5 Plaintiff lays some stress on the fact that it was not notified in writing of, nor made a party to, the petition of Mr. Taylor, for a refund. We are not cited to, nor do we know of, any law requiring that plaintiff should be so notified, or made a party, and we see no reason why it should beso required.

6 III. We now inquire whether the plaintiff is entitled to this money. We have seen that, pursuing the course that all parties had acquiesced in the thirty years, this land was assessed and said money collected for and as taxes due to the plaintiff, and that district No. 2 has never claimed any of the tax, nor that the land was within its jurisdiction. We have also seen that during these thirty years, up to and including 1891, the plaintiff has furnished school privileges free of charge to the people living on said *622land, and that they have availed themselves thereof.

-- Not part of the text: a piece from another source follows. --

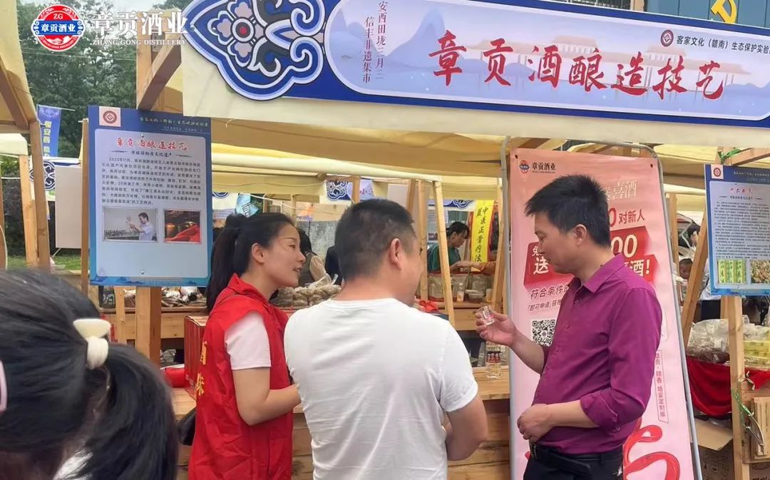 传承非遗技艺,弘扬传统文化。2023年4月22日,2023年安西镇田垅“三月三”乌饭节在信丰县隆重举行。章贡酒酿造技艺作为赣州非遗典型代表、赣州食品行业标杆企业惊艳亮相,吸引众多客商驻足关注。一口三香 “浓头酱尾米中间”的白酒口感深受消费者喜爱。章贡酒酿造技艺作为客家酒文化的传承者和传播者,必将以传播客家文化为己任,将客家赣派白酒酿造技艺不断发扬光大,助力赣南客家文化走向全球。
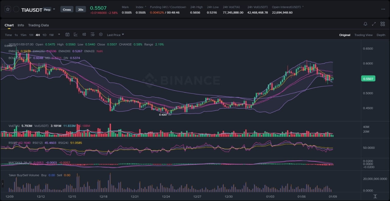 Dans le paysage instable des jetons blockchain modulaires, le TIA de Celestia a été sous pression, les récents développements amplifiant le sentiment baissier et mettant à l'épreuve les supports techniques clés. En tant qu'analyste senior du marché des crypto-monnaies sur Binance Square, cette analyse examine l'évolution récente du prix du TIA, en intégrant les indications du graphique joint avec les trois dernières actualités pour offrir une vision complète des trajectoires potentielles. Les traders évoluant dans ce contexte doivent rester vigilants, car la convergence entre des nouvelles négatives et des ruptures techniques pourrait signaler une baisse supplémentaire, tandis que tout indice de retournement pourrait suggérer des opportunités de réversion vers la moyenne.

Counsel for defendant says: .“I am not sure that the Taylor land belongs in the independent district.” True, we have no record of the organization of the plaintiff district, nor when or how this land came to be treated as a part of it, but surely under the facts, the record being lost, we must assume that, at some time, it became a part of that district, in a manner authorized by law.

7 It is urged on behalf of the defendants that as the judges of the election in 1898 refused to allow electors then residing on said land to vote at that election, because not residents of the district, the plaintiff is estopped from claiming that said land iswithin the district, and from claiming taxes levied thereon. To so hold would be carrying the doctrine of estoppel to'an unwarranted extent. We are clearly of the opinion that the decree of the district court is correct. — Affirmed.